* _Task objective_:
All of the data below should be printed again exactly, pictures excluded.

* _Given data_:
__________________________________________________

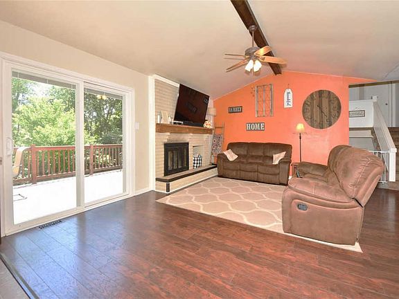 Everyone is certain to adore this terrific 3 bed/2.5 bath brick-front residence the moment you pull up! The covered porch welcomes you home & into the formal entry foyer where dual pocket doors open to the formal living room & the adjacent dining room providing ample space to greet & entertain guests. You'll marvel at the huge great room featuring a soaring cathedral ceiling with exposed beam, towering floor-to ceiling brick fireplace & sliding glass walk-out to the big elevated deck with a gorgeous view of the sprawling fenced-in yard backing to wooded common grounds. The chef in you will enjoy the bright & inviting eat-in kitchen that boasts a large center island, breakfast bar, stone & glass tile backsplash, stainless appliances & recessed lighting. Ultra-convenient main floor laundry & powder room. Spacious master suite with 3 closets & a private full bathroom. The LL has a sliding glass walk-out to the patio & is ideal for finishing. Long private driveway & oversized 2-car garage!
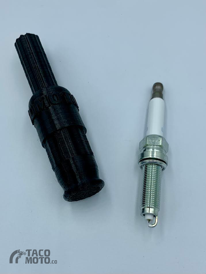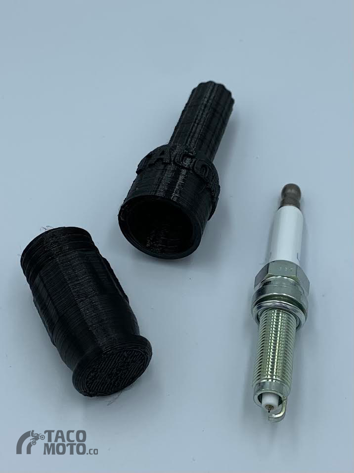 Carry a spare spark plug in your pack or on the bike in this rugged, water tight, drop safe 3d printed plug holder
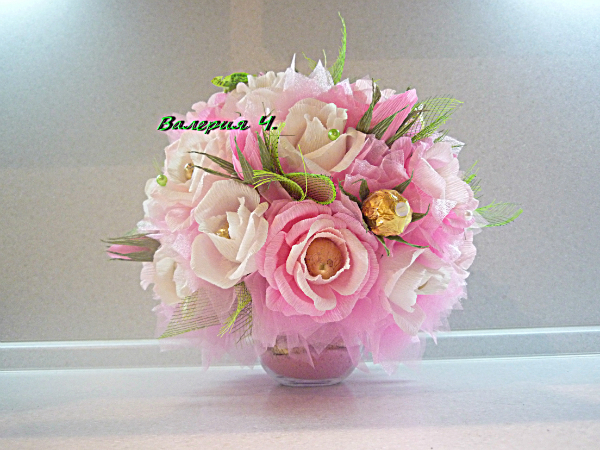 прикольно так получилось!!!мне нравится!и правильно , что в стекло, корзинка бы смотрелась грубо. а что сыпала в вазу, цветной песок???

__________________________________________________

* _Reply to the exercise_:
 Everyone is certain to adore this terrific 3 bed/2.5 bath brick-front residence the moment you pull up! The covered porch welcomes you home & into the formal entry foyer where dual pocket doors open to the formal living room & the adjacent dining room providing ample space to greet & entertain guests. You'll marvel at the huge great room featuring a soaring cathedral ceiling with exposed beam, towering floor-to ceiling brick fireplace & sliding glass walk-out to the big elevated deck with a gorgeous view of the sprawling fenced-in yard backing to wooded common grounds. The chef in you will enjoy the bright & inviting eat-in kitchen that boasts a large center island, breakfast bar, stone & glass tile backsplash, stainless appliances & recessed lighting. Ultra-convenient main floor laundry & powder room. Spacious master suite with 3 closets & a private full bathroom. The LL has a sliding glass walk-out to the patio & is ideal for finishing. Long private driveway & oversized 2-car garage!
 Carry a spare spark plug in your pack or on the bike in this rugged, water tight, drop safe 3d printed plug holder
 прикольно так получилось!!!мне нравится!и правильно , что в стекло, корзинка бы смотрелась грубо. а что сыпала в вазу, цветной песок???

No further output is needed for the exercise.